Невеста ласкается к своему жениху:
— Ах ты мой прыщик! — говорит она нежно.
‘Жених подумал, потом обиделся, разошлись’, — записывает Чехов в тетрадке.
Другому жениху говорят:
— Ваша невеста хорошенькая.
— Для меня они все одинаковы, — пренебрежительно ответствует он. — Любовь?! влюблен?! никогда! я коллежский асессор!
А какой-то еще, признаваясь в любви, пишет в любовном послании:
— Прилагаю на ответ семикопеечную марку.
Вдруг бы Татьяна свое послание к Онегину снабдила семикопеечной маркой!
Такое глупое оскорбление любви Чехов отмечал непрестанно. Вот после любовных объятий Ромео говорит своей Джульетте:
— Мы, Болдыревы, всегда отличались крепким здоровьем.
Словно он покушал борщу или попарился в бане.
А другой такой же Болдырев мечтает: ‘когда я разбогатею, то открою себе гарем, в котором у меня будут голые толстые женщины с ягодицами, расписанными зеленой краской’.
И он же изрекает о жене:
— Ехать с женой в Париж все равно, что ехать в Тулу со своим самоваром.
Глупость сочетается с дрянностью. Мертвые, гнилые сердца! Многолюбившая барыня говорит о своей супружеской жизни: ‘теперь я за третьим замужем… первого звали Иван Макарычем… второго Петр… Петр… забыла!’
И не только любовь-влюбленность, но и любовь к отцам, к матерям, та самая, которую поэты называют святою, гадка и тошнотворна в этой книжке.
— Мамаша, вы не показывайтесь гостям: вы очень толстая, — говорят своей матери дети и прячут ее в какие-то задние комнаты.
— Дедушка, попробуйте рыбки! — предлагают они старику несвежую рыбу с сомнительным запахом. Если дедушка не отравляется рыбой, то ее ест вся семья.
А другого дедушку, очень сердитого, малолетние внуки решили взорвать, как папа-инженер взрывает скалы. Они похитили у папы фунт пороху, провели под дедушку фитиль, и только случайность спасла старика от этой семейственной ласки.
И в том, что делают родители с детьми, такой же сумбур и вздор.

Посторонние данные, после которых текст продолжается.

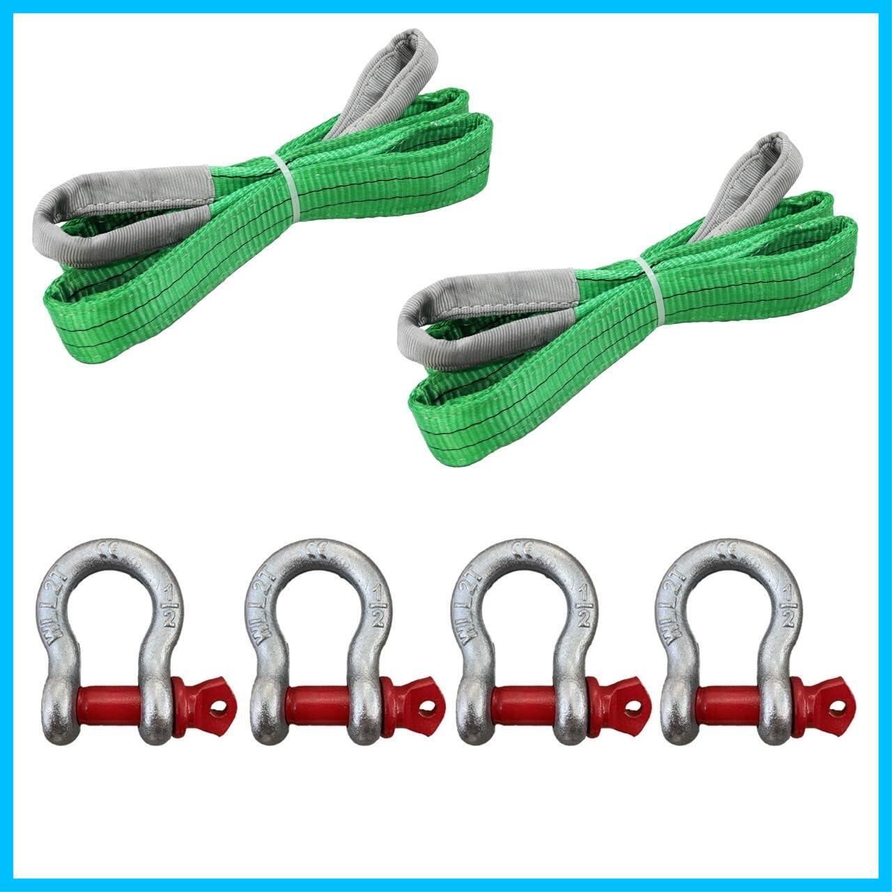 【人気商品】HELIX スリングベルト 【2本セット】 2m 幅50mm 使用荷重2000kg ナイロンスリング 吊上げ 牽引 ヘリックス 2T 日本語説明書付き 【鍛造シャックル 弓型 2t 4個セット】 | metta

Этот лечит свою дочь от глистов, которых у нее никогда не бывало, довел ее до худосочия, до чахотки, а тот ни с того ни с сего учит свою дочь фортификации, хотя изо всех во всем мире наук фортификация нужна ей наименее. А вот этот мучительски сечет своего прилежного сына за то, что он получает пятерки: пятерок ему кажется мало! Завтра же чтоб были шестерки! Когда же ему потом разъяснили, что он неправ, что пятерка, это — лучшая отметка, он, по свидетельству Чехова, все-таки высек сына: с досады на себя.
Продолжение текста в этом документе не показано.